- [What to work on]
Go to the line holding "الوجه الرابع أن" in the data below. Return it and each line after it through the last, exactly, and skip the pictures.

- [Given material]
————

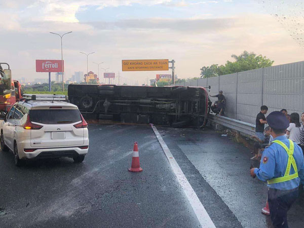 Va chạm với xe limousine, ô tô khách lật trên cao tốc Pháp Vân - Cầu Giẽ
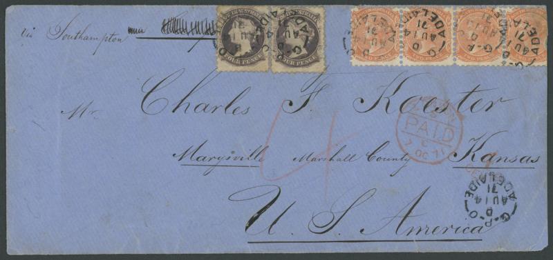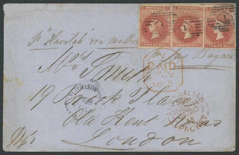(full margins except where a little cut-into at upper-right) tied by circle-in-bars cancels of the GPO with very fine 'PAID/=ADELAIDE SA=' cds & straight-line 'REGISTERED No' handstamp both in red, very fine Inwards Ship Letter datestamps of
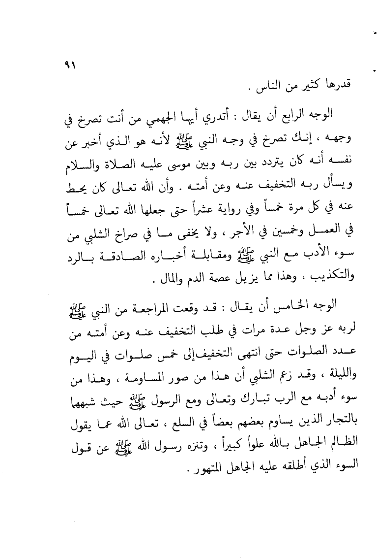 الوجه الرابع أن يقال: أتدري أيها الجهمي من أنت تصرخ في وجهه, إنك تصرخ في وجه النبي - صلى الله عليه وسلم - لأنه هو الذي أخبر عن نفسه أنه كان يتردد بين ربه وبين موسى عليه الصلاة والسلام ويسأل ربه التخفيف عنه وعن أمته. وأن الله تعالى كان يحط عنه في كل مرة خمساً وفي رواية عشراً حتى جعلها الله تعالى خمساً في العمل وخمسين في الأجر, ولا يخفى ما في صراخ الشلبي من سوء الأدب مع النبي - صلى الله عليه وسلم - ومقابلة أخباره الصادقة بالرد والتكذيب, وهذا مما يزيل عصمة الدم والمال.
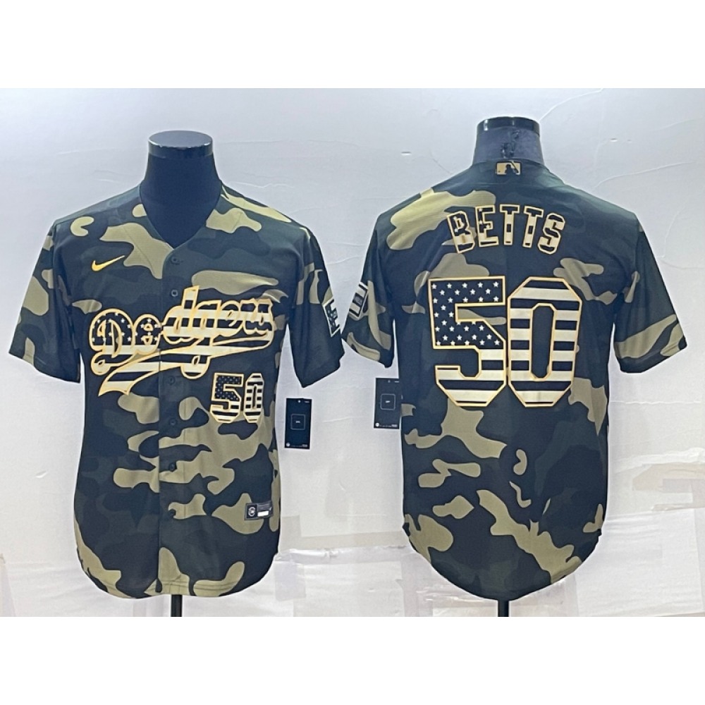 Men’s Los Angeles Dodgers #50 Mookie Betts Olive Cool Base Stitched Baseball Jersey

————

- [Exercise answer]
 الوجه الرابع أن يقال: أتدري أيها الجهمي من أنت تصرخ في وجهه, إنك تصرخ في وجه النبي - صلى الله عليه وسلم - لأنه هو الذي أخبر عن نفسه أنه كان يتردد بين ربه وبين موسى عليه الصلاة والسلام ويسأل ربه التخفيف عنه وعن أمته. وأن الله تعالى كان يحط عنه في كل مرة خمساً وفي رواية عشراً حتى جعلها الله تعالى خمساً في العمل وخمسين في الأجر, ولا يخفى ما في صراخ الشلبي من سوء الأدب مع النبي - صلى الله عليه وسلم - ومقابلة أخباره الصادقة بالرد والتكذيب, وهذا مما يزيل عصمة الدم والمال.
 Men’s Los Angeles Dodgers #50 Mookie Betts Olive Cool Base Stitched Baseball Jersey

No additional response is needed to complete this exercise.